Why do organisations fail to achieve business agility?

Recently I was asked to participate in an Interview Series by Noopur Pathak of Innovation Roots, an Agile consultancy based in Bengaluru and several other cities. One of the questions she asked me was why organisations fail to achieve business agility.
Here's an excerpt from my reply.

 Do you want to be agile?

There are many more reasons organisation fail to become agile than there are to succeed, but the first question to ask organisations is what they want to achieve. Is business agility one of those things? Because if you are in a very stable situation and you have very stable business, agility isn’t necessarily on the priority list of what must be achieved.

On the other hand, nearly all organisations – including those in industries we consider most stable, where nothing seems to have changed in decades – face the disruption of new ways of doing business, and innovators entering into their markets. It means everybody must think about the need to change… the need to change fast. Remember: “It’s not the big fish that eat the small ones, it’s the fast that eat the slow!” If your organisation is slow, there is a good chance that your competitors or new entrants into the market will disrupt it and take market share.

So the first question is, “Is agility an aim for the organisation?” If it isn’t, you won’t achieve it. If you realise that you do need to become agile, there are still many reasons why you may fail.

A failure to plan

For example, you need to plan to become more agile (more able to respond rapidly to changing market conditions), and you need to invest in those plans. If you want to encourage innovation, you need to communicate that goal to staff and show how you will reward it. Traditional command and control approaches to managing business, and fixed long-term goals, won’t work, particularly if disruptors are already entering your market and introducing new ways of working more successfully than you are. You have to think about the way the organisation can empowers its staff, and allow them to think differently, to try new things in a safe-to-fail manner. That allows the organisation to discover different ways of working. Agility comes from the chosen strategy of an organisation, and from its leaders’ ability to communicate and encourage staff to implement that strategy.

It's not just IT

When people say the word “Agile”, they are often only thinking about it in the context of software development. That software is important to business agility is not in question. Software has “eaten the world,” it is the driver for business transformation, it is the foundation of digital solutions. The way you create software, and the way you plan, manage and finance software development is crucial if you want to achieve business agility. However, I encourage leadership teams to consider first why they want to achieve business agility, and what it involves in terms of the changes needed in their organisation. Then they can start planning, not only how it will change software development, but also every other area of the business. Each area, just like the software teams, must invest in new ways of doing business, must try multiple things to see what works; must act before knowing if it will work, learning from failures and exploiting successes. Rather than waiting for the fully developed ideas – the big up-front plans with every component costed and all outcomes forecast, the big implementation and the big-bang delivery – smaller steps and more learning on the journey is essential.

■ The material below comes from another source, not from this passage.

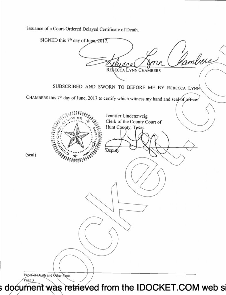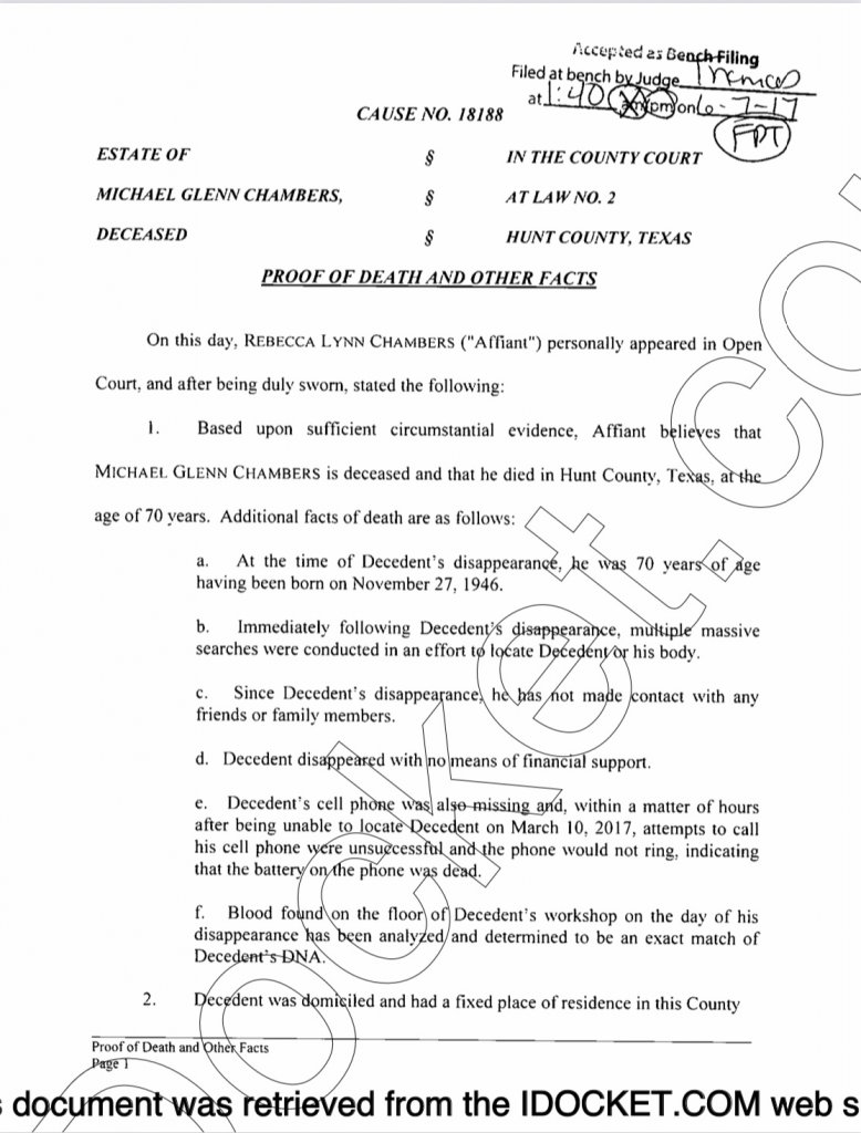and lets not forget that Michael Chambers was declared dead and his wife got a death certificate without a body - didn't take her very long eitherThis is just a reminder to members that not every state follows the same rules.

These are strategies for moving faster than your competitors and ensuring survival in rapidly moving markets. That’s why business agility is important. It answers the existential question of how we survive in this rapidly changing world, where organisations can quickly discover they are no longer fit for the new competitive landscape.

Back to some of the reasons for failure to achieve business agility:
  • Not wanting it
  • Wanting, but not planning for it
  • Planning, but not investing in it
  • Not seeing through the changes
  • Not dealing with the negative consequences of innovation in the organisation – not ensuring there is safety in both failed experiments, and successful ones that disrupt existing parts of the business. 

There is no formula

One other thing. People think there is some magic method or strategy or formula that makes organisations agile. There are principles to learn, but there is no formula. Applying those principles in the unique context of your business, your market and your people – and helping your people to innovate – is where business agility comes from.